Computer Vision Object Detection

Object detection locates one or more objects in an image and identifies what each object is. It answers two questions at once: "What is it?" and "Where is it?" — represented as a class label and a bounding box.

Classification vs. Detection

Image classification says what is in the entire image. Object detection finds every object and draws a box around each one. An image might have one label ("cat") in classification, but detection might return "cat at position (x1, y1, x2, y2)" and "dog at position (x1, y1, x2, y2)" simultaneously.

Output Comparison

INPUT IMAGE: A living room photo with a cat, a dog, and a sofa.

CLASSIFICATION OUTPUT:
  "Living room"  (only one label for the whole image)

DETECTION OUTPUT:
  Cat    → box: (50, 80, 200, 250)
  Dog    → box: (300, 100, 500, 350)
  Sofa   → box: (20, 200, 600, 400)

  ┌──────────────────────────────┐
  │  ┌─────┐        ┌─────┐      │
  │  │ Cat │        │ Dog │      │
  │  └─────┘        └─────┘      │
  │  ┌──────────────────────┐    │
  │  │         Sofa         │    │
  │  └──────────────────────┘    │
  └──────────────────────────────┘

The Bounding Box

A bounding box is a rectangle that surrounds a detected object. It is defined by four numbers: the x and y coordinates of the top-left corner, and the width and height of the rectangle (or alternatively the x, y of top-left and bottom-right corners).

Bounding Box Coordinates

Image (600 × 400 pixels)

(0,0) ─────────────────────── (600,0)
  │                                 │
  │    (80, 50)                     │
  │       ┌──────────────┐          │
  │       │    Object    │          │
  │       │              │height=150│
  │       └──────────────┘          │
  │              (280, 200)         │
  │       width = 200               │
  │                                 │
(0,400)───────────────────── (600,400)

Box = [x=80, y=50, width=200, height=150]
  or  [x1=80, y1=50, x2=280, y2=200]

Sliding Window: The Classic Approach

Before deep learning, object detection used a sliding window. A fixed-size window slides across the image at every position and scale. At each position, a classifier decides: "Does this patch contain the object?" The window that yields the highest confidence score marks the object's location.

Sliding Window Process

Step 1: Set window size (e.g., 64×128 for a pedestrian detector).
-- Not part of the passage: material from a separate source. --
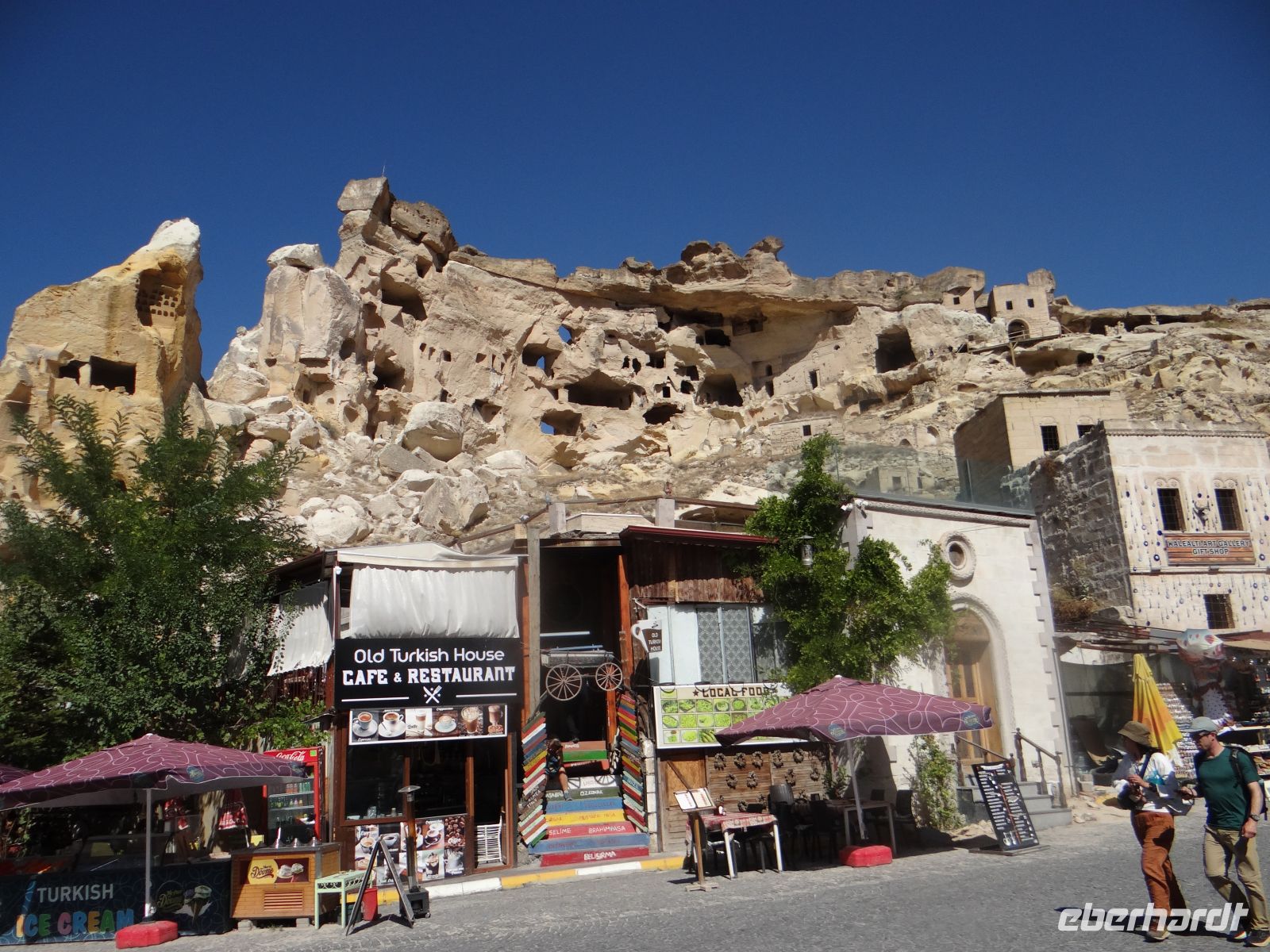 Hüseyin lädt uns zunächst in ein Hotel ein, lauschig mit weinumrankter Pergola. Hier gibt es Zimmer, die in den Fels gebaut worden sind. Das ist sehenswert. Dann geht es zum kleinen Zentrum, gepflegte Hausfassaden, kleine Terrassen von Cafés und Hotels, die zum Verweilen einladen.

Step 2: Slide window across image:
  ┌────────────────────────────────┐
  │ [W]→→→→→→→→→→→→→→→→→→→→→→→  │
  │  ↓                             │
  │ [W]→→→→→→→→→→→→→→→→→→→→→→→  │
  │  ↓                             │
  │  ... (thousands of positions)  │
  └────────────────────────────────┘

Step 3: At each position, extract HOG descriptor from [W].

Step 4: Pass HOG descriptor through SVM classifier.
  → "Person" confidence: 0.87  (above threshold 0.5 → detect!)
  → "Person" confidence: 0.12  (below threshold → skip)

Step 5: Scale image down (e.g., by 0.8×) and repeat.
  → Detects people of different sizes.

Problem: Very slow. Thousands of positions × multiple scales = millions of checks.

IoU: Intersection over Union

IoU measures how well a predicted bounding box matches the true (ground truth) bounding box. It equals the area of overlap divided by the total area covered by both boxes. An IoU of 1.0 is a perfect match. An IoU above 0.5 is generally considered a good detection.

IoU Calculation

Ground truth box:  ┌────────────────┐
                   │                │
                   │   True box     │
                   │       ┌────────┼────┐
                   │       │Overlap │    │
                   └───────┼────────┘    │
                           │Predicted box│
                           └─────────────┘

IoU = Area of Overlap / Area of Union

Example:
  Overlap area = 600 sq pixels
  Union area   = 1400 sq pixels
  IoU = 600 / 1400 = 0.43   → Moderate match

Non-Maximum Suppression (NMS)

Object detectors often produce multiple overlapping boxes for the same object. NMS keeps only the best box and removes the rest.

NMS Step by Step

Detected boxes around one car (with confidence scores):
  Box A: confidence 0.92  ← highest
  Box B: confidence 0.85  ← overlaps heavily with A
  Box C: confidence 0.78  ← overlaps heavily with A
  Box D: confidence 0.91  ← far from A (different car)

Step 1: Pick box with highest score → Box A (0.92). Keep it.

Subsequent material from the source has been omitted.